In the same context, he explained that lifting sanctions contributes to improving the efficiency of financial transfer channels by reconnecting Syrian banks to the international payments system, reducing compliance risks for correspondent banks, and strengthening the role of official transfer companies, allowing the Central Bank a more effective regulatory role in managing the foreign currency supply. On the real production front, al-Faqih expects the repeal to reduce the cost of importing production inputs, spare parts, and equipment, which was one of the most prominent obstacles for industrial, agricultural, and service sectors, noting that agriculture, food, pharmaceutical, textile industries, as well as energy, are likely to benefit from this improvement.

He stressed that lifting the Caesar Act, theoretically, is a necessary but not sufficient condition to attract investments, as the latter remain dependent on internal factors including political and security stability, legal framework, tax transparency, and anti-corruption efforts.

In contrast, he pointed to emerging preliminary positive indicators in the energy, transportation, and infrastructure sectors through contracts and public-private partnership projects, expecting that sectors capable of rapid benefit, such as light industries and logistics services, will begin to improve gradually, while energy and reconstruction sectors need longer periods due to high costs and financing complexities.

For his part, Dr. Hasan Ghurra, economic researcher at Jusoor Studies Center, considered that lifting the Caesar Act opens a window for gradual improvement in the Syrian economy, with a faster impact on market expectations and the flow of some hard currency, but it does not lead to comprehensive recovery or rapid improvement in Syrians' livelihoods unless accompanied by deep internal reforms and broader easing of other Western sanctions and banking restrictions.

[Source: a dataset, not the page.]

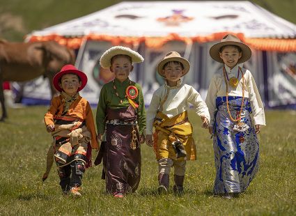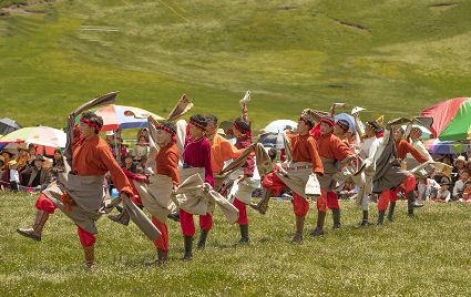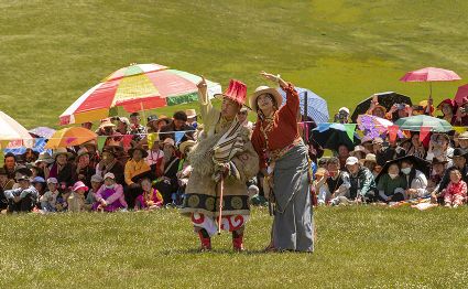 據(jù)說(shuō)早在吐蕃時(shí)期,人們以村寨為單位,在本教僧人的帶領(lǐng)下高舉幡桿,手拿青棵、麥穗,繞田間地頭轉(zhuǎn)圈,祈禱神靈保佑,獲得豐收。儀式結(jié)束后,就在草場(chǎng)上展開(kāi)角斗、斗劍、耍梭標(biāo)等活動(dòng)。格魯派興起后,這一活動(dòng)仍得到保留,只是在繞地巡游時(shí),人們要舉佛像、背經(jīng)文,文體活動(dòng)也增加了賽馬、射箭、馬術(shù)、藏戲、民間歌舞等內(nèi)容。解放后,革去了繞地巡游等一些宗教儀軌,增加了許多休閑娛樂(lè)、物資交流的內(nèi)容。“望果節(jié)”沒(méi)有固定日期,各地根據(jù)農(nóng)事而定,一般在秋收前(8月)擇吉日舉行,時(shí)間1-3天。

He noted that the potential improvement in the exchange rate in the first weeks may be driven by reduced sanctions risks and improved expectations among traders, importers, and expatriates, but the sustainability of this improvement depends on the return of formal remittances, fiscal deficit control, and improvement of energy supplies and domestic production.

He said in a statement to QNA that lifting the Caesar Act reduces legal risks on a portion of remittances and investments, and opens the door for a gradual return of official channels instead of the parallel market, but it does not automatically cancel other US and European sanctions, nor does it guarantee full restoration of correspondent banking without improving the compliance environment and financial governance.

Dr. Hasan Ghurra believes that the repeal provides an initial boost to reducing the cost of importing inputs and improving energy availability, and expanding exports of some agricultural and industrial goods if corresponding restrictions are lifted.

As for the most ready sectors, he pointed out that energy, oil, and gas come first due to reduced contracting risks, followed by reconstruction and infrastructure, in addition to agriculture, food industries, telecommunications, and services, with the possibility of a gradual return of religious, cultural, and medical tourism.